Dans la maison comme au dehors, le crâne continua à projeter par ses orbites une lueur ardente. La belle-mère et ses filles voulurent y allumer des tisons. Mais elles ne purent y parvenir. Les yeux du crâne les regardaient et les brûlaient. Wassilissa seule ne ressentait aucune brûlure.

La belle-mère et ses filles eurent peur et voulurent se sauver. Mais les yeux du crâne les suivaient partout de leur regard, de la cave au grenier, et les brûlaient jusqu’aux os. Au matin, elles étaient complètement calcinées et changées en charbon.

Wassilissa ferma la porte de la maison, enterra le crâne dans le jardin et alla demander l’hospitalité à une vieille femme du pays, qui demeurait seule non loin de là. Cette vieille femme l’accueillit bien et la traita comme sa fille. Wassilissa resta chez elle tout l’hiver.

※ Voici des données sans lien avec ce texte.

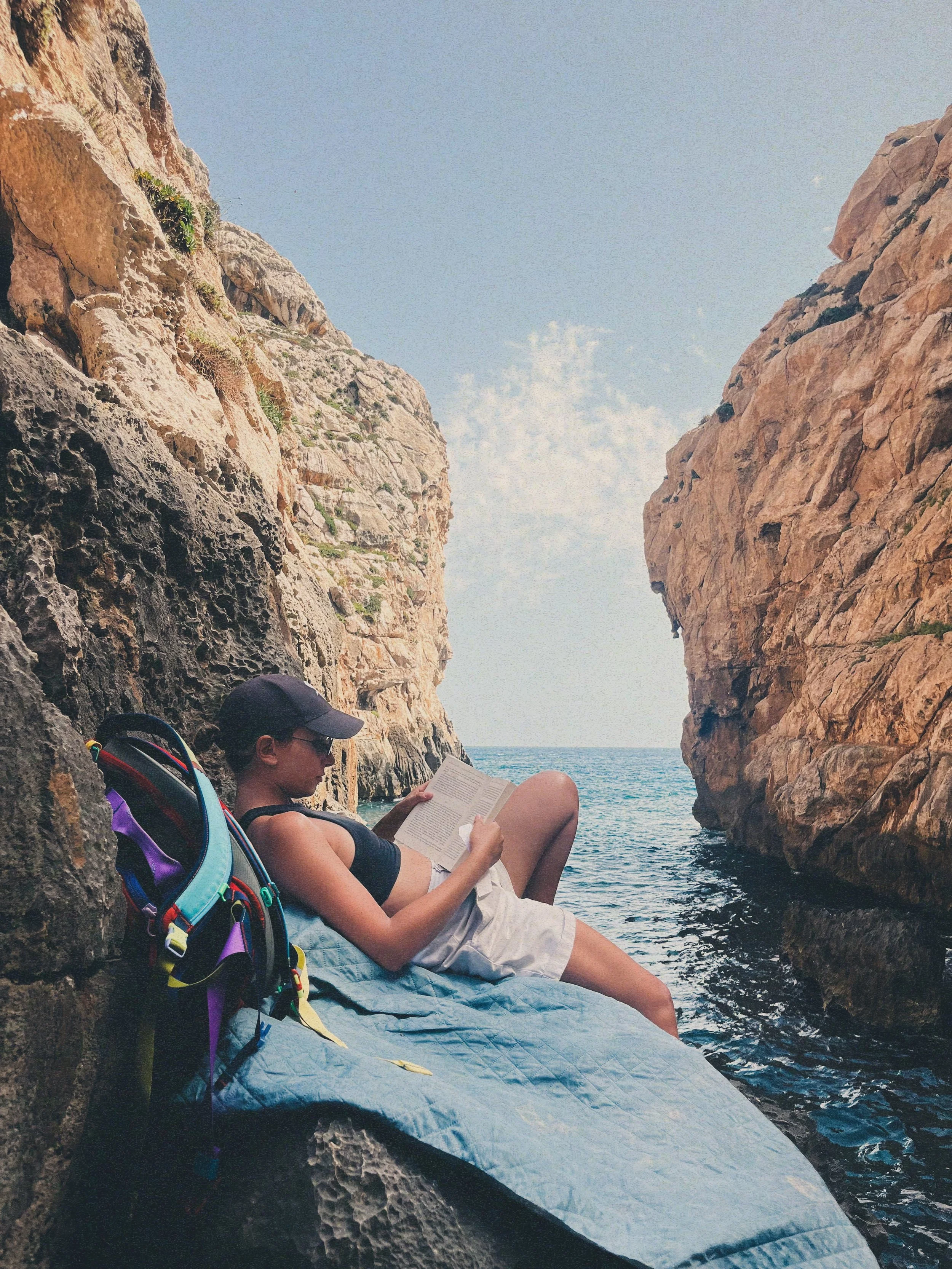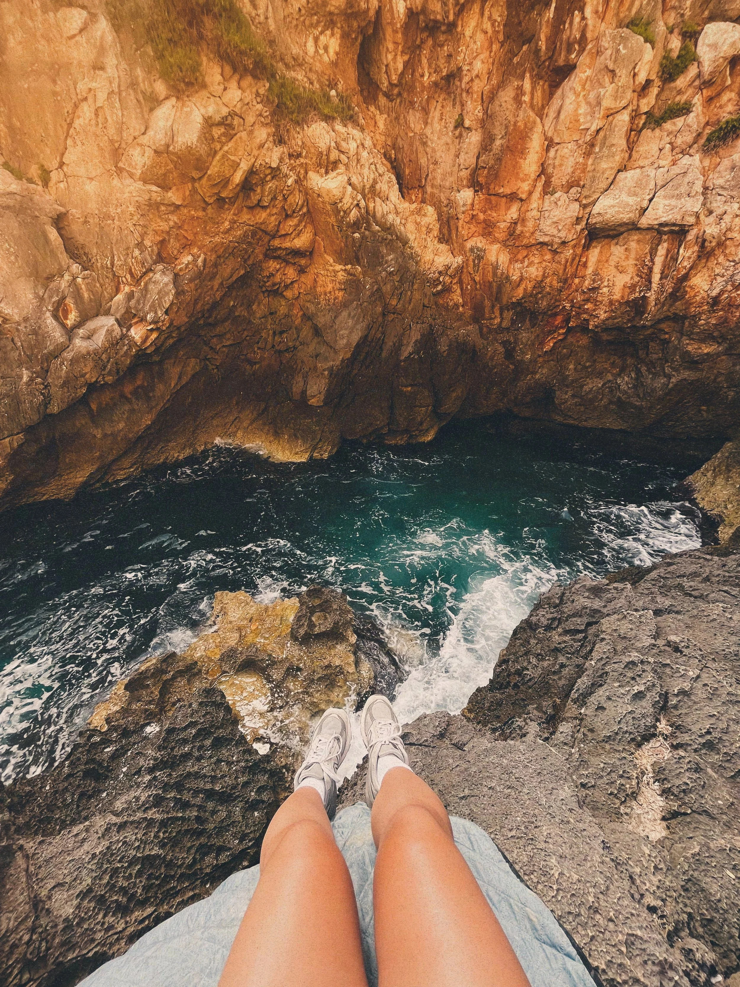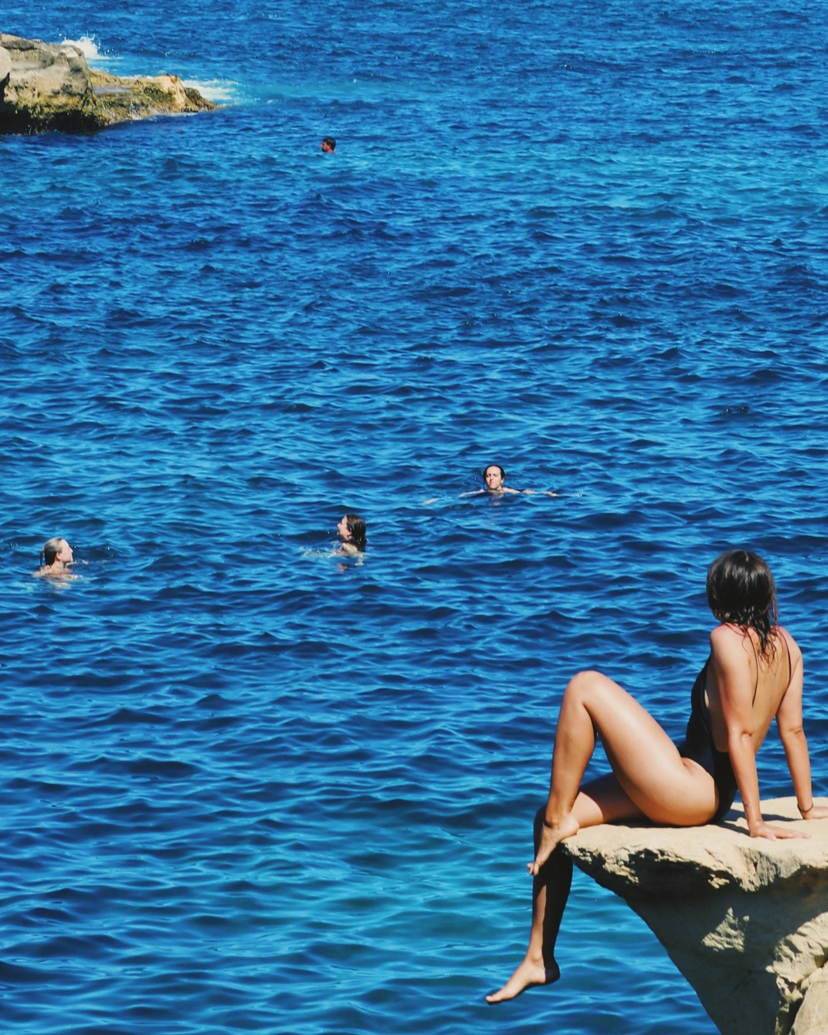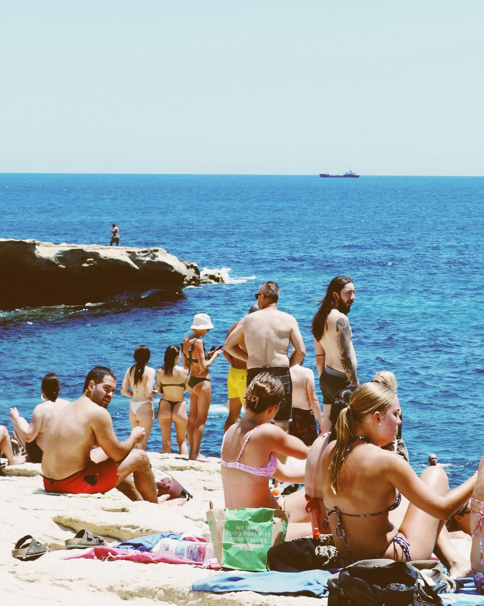 Jumping off the cliff at St. Peter's Pool, Malta.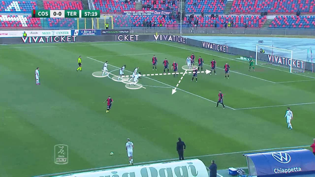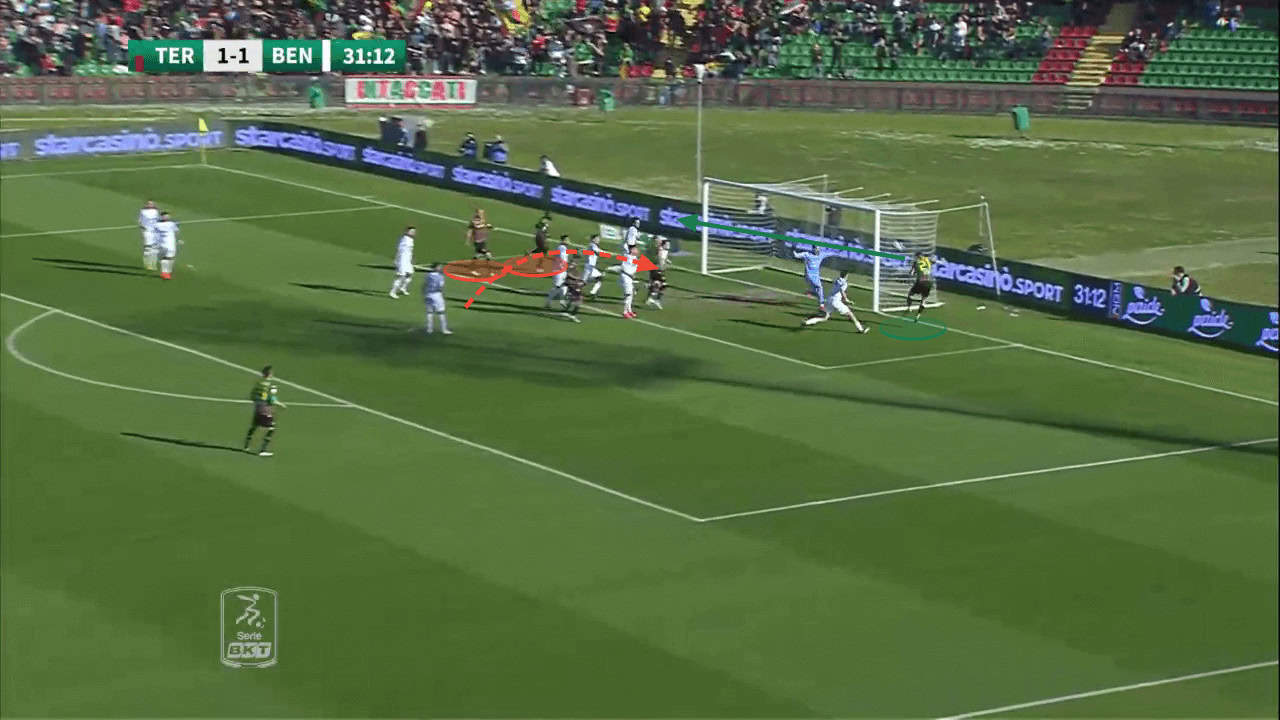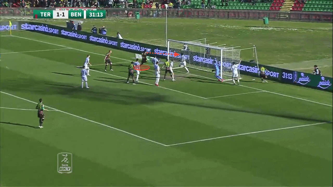 We can see here, the ball is then headed in from a few yards out after the routine has allowed Ternana to create a clear-cut chance. The players at the far post are scattered around to make sure one of them can reach the ball, no matter where the ball may bounce to.

Au printemps suivant, en passant près de la maison, Wassilissa vit qu’à l’endroit où elle avait enterré le crâne, avait poussé une énorme touffe de lin. Ce lin était si beau qu’elle ne put s’empêcher de l’admirer.

Le soir, elle dit à la vieille femme :

— Il faut m’acheter un fuseau. Je voudrais filer.

Le lendemain, elle alla couper le lin, le prépara avec soin, et, dès qu’il fut prêt, elle commença à filer.